We can notice how we have felt compelled to deal with it. We don’t try and dress it up and fix it somehow. Sometimes the feelings that arise are very powerful and uncomfortable. If we just sit tight they unravel right before our eyes. No magic, no fuss, just patience.

If we can make this kind of response our default strategy we can find our peace much more quickly. Hanging out with discomfort isn’t always fun, but eventually it gets tired of the game and moves on. From here we can hang out in a place of relief and insight. We see the drama more clearly when we are not hooked into it.

Sometimes it takes a few days and we may need a trusted friend to help us make sure we are not just wallowing aimlessly in the feeling. Rather, we are sitting patiently, neutrally, trusting it will unfold. Certainly this is an opportunity to forgive ourselves for getting lost once again. We can choose peace instead of this.

We can stay alert and ‘lean in’ by being curious. We resist the urge to develop strategies to ‘deal with it’ into the mix. Insights and strategies will unfold all by themselves, effortlessly and clearly. We just have to get out of our own way.


Tuesday, June 12, 2012

The Diamond in Your Pocket

“However your daily life presents itself, whether it is a life devoted to monastic duties or a life in the midst of the world, every moment is an opportunity to realize who you are. True investigation reveals that whatever prior limitations you feel keep you from who you are, however grand or lowly, they are nothing but concepts, concepts that when not maintained by mind activity cannot cause suffering. These concepts can be liberated so that you, as you are, can shine fully.
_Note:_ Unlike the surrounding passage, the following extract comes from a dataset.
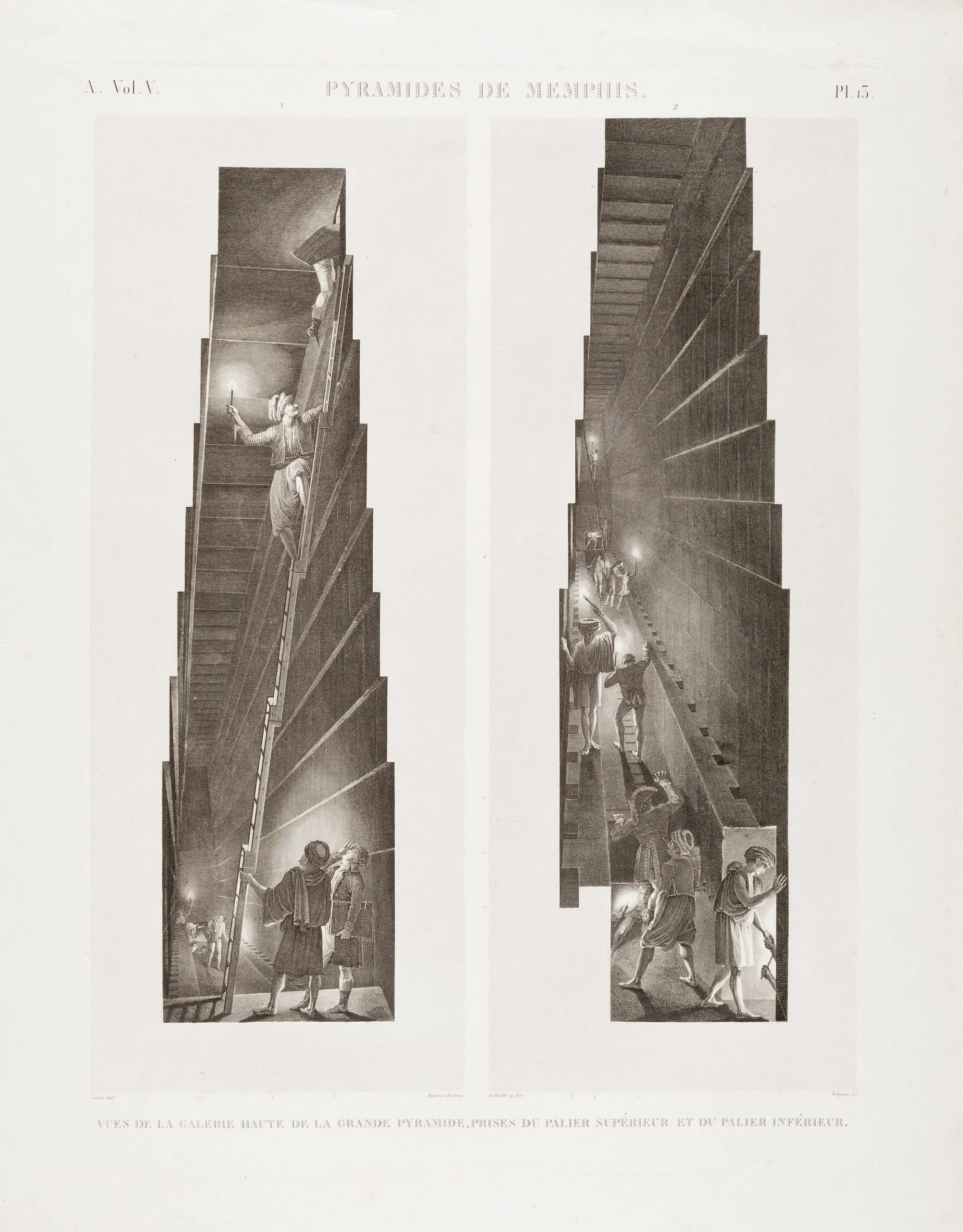 - Memphis et environs, Pyramides de Memphis. Vues de la galerie haute de la grande pyramide, prises du palier supérieur et du palier inférieur.

This is the invitation extended to you”.

Gangaji  www.gangaji.org

At The Light Tree we are continually learning and practicing how to be more present with the essence of our True Selves. Our journey together has brought us to the teachings of various practitioners. Apart from our weekly meditation group with Jewel, we continue to meet regularly. Christine and Marcy recently journeyed to New Mexico to join Nouk Sanchez and Stacy Sully in retreat. Now it is Annie’s turn to go away for a few weeks. Before leaving, she wanted to share this passage from Gangaji, one of our favourites.

In this passage from The Diamond in Your Pocket, Gangaji writes about the distrust we have of love…..

"But love is not a person. Love is the individual, collective, and universal soul. Love is God. Love is truth, Love is beauty. Love is peace. Love is self. To know your self, to surrender to the truth of yourself, is to surrender to love. …..

What is the worst that could happen if you surrender to love? What we seem to fear the most is the broken heart. Yet the very unwillingness for the heart to be broken is the broken heart. The tragedy and the irony is that in order to avoid a broken heart, people live in a state of broken-heartedness. In the willingness to have the heart be broken a million, trillion, zillion times, true love is revealed.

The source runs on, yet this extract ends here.